La collecte de ce jour dit littéralement à peu près ceci :

« Faites, nous vous le demandons, Dieu tout-puissant, que ceux que les jeûnes votifs châtient, cette même sainte dévotion leur donne la joie ; afin que, les affections terrestres étant calmées, nous obtenions plus facilement les choses du ciel. »

Il y a là deux parallèles qui résument tout un pan de l’ascèse chrétienne.

En entrant dans le carême nous avons fait le vœu de jeûner. De nous châtier par le jeûne de nos péchés, de nous corriger (sens le plus général de castigo). Mais nous demandons à Dieu que ce jeûne lui-même, qui est une dévotion (même racine que vœu : votiva, devotio) nous apporte la joie. Comme le corps souffre du jeûne, cette joie ne peut qu’être spirituelle. Mais elle est tout aussi réelle que la souffrance du jeûne, et l’est même bien davantage, puisqu’elle transcende les contingences corporelles et se répand sur le psychisme.

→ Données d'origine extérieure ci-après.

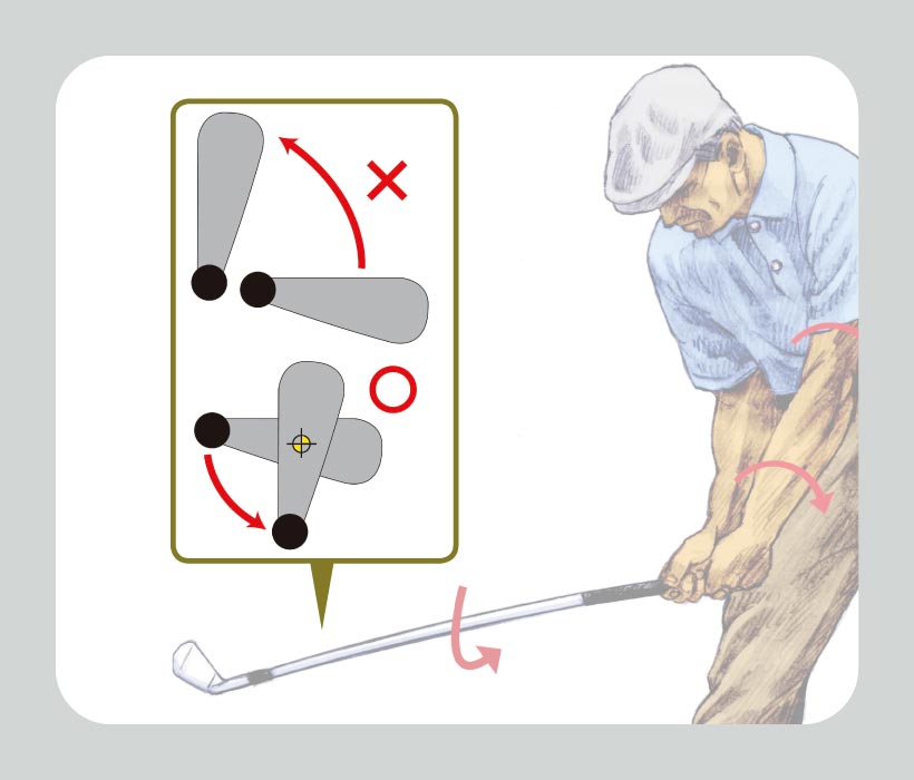 「ホーガンはダウンで、振り上げたプレーンよりインサイドから下ろすイメージを重視していましたが、これは手元をヘッド軌道より下げるイメージ。ヘッドのトゥを軸に、ヒールとシャフトを下げる動きになります。舟の櫓を漕ぐように、シャフトを移動させてヒール側を〝開く〟わけです。こうすると、確実にフェースを戻せます」

La deuxième partie est sur un thème commun dans les collectes pénitentielles : par le jeûne on calme les affections terrestres, les désirs charnels, ce qui nous rend plus aptes à recevoir, à accueillir, les réalités célestes.

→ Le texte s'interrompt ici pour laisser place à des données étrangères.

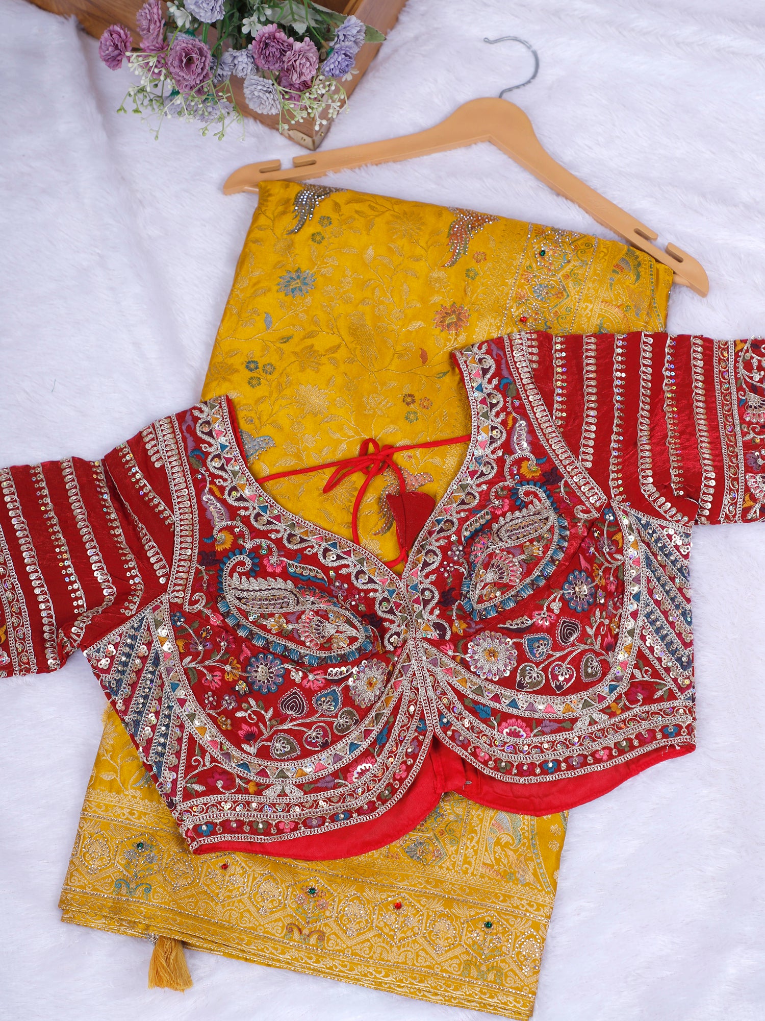 Celestial Bloom Luxury Double Shade Unstitched Silk Saree

Voici le commentaire du bienheureux cardinal Schuster :

Dans la collecte, on invoque la joie du Saint-Esprit et une dévotion fervente, en faveur de ceux qui mortifient leur corps par le jeûne. Il est impossible d’unir les consolations des sens et celles de l’esprit ; leurs goûts sont en parfaite opposition. Quand les sens jouissent, l’esprit devient comme obscurci par la fumée des passions charnelles ; au contraire, plus l’âme imprime dans la chair les stigmates de la croix, plus elle se sent libre et pure, plus son regard est clair et perspicace.

« Maintenant les puissances célestes »

Pendant le carême, le mercredi et le vendredi, les byzantins célèbrent la divine liturgie des dons présanctifiés. La « grande entrée » des dons a une hymne particulière (à la place de celle des Chérubins). Le 7 mars j’en avais donné la version du chœur de l’Académie de théologie de Moscou. La voici dans un style très différent, celui de la pure tradition grecque, par Panagiotis Neochoritis, qui est l’actuel « archonte protopsalte de la Grande Eglise du Christ » (Constantinople).

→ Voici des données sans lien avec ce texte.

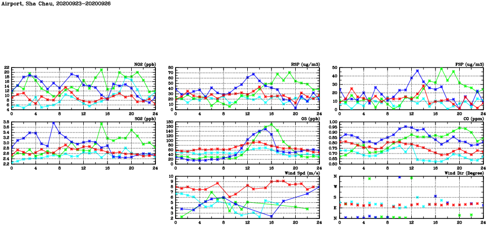 | Air Quality Data Time Series in Airport, Sha Chau (2020/09/26) | ( Line colors: Day -3 Day -2 Day -1 Current day ) | 2D Map Current AQHI |

Νῦν αἱ Δυνάμεις τῶν οὐρανῶν σὺν ἡμῖν ἀοράτως λατρεύουσιν. Ἰδοὺ γὰρ εἰσπορεύεται ὁ Βασιλεὺς τῆς δόξης.
Ἰδοὺ θυσία μυστική, τετελειωμένη, δορυφορεῖται. Πίστει καὶ πόθῳ προσέλθωμεν, ἵνα μέτοχοι ζωῆς αἰωνίου γενώμεθα. Ἀλληλούϊα.

Maintenant les puissances célestes célèbrent invisiblement avec nous. Car voici que s’avance le Roi de gloire. Voici avec son escorte, le Sacrifice mystique déjà accompli.
Approchons-nous avec foi et amour, afin de devenir participants de la vie éternelle. Alléluia.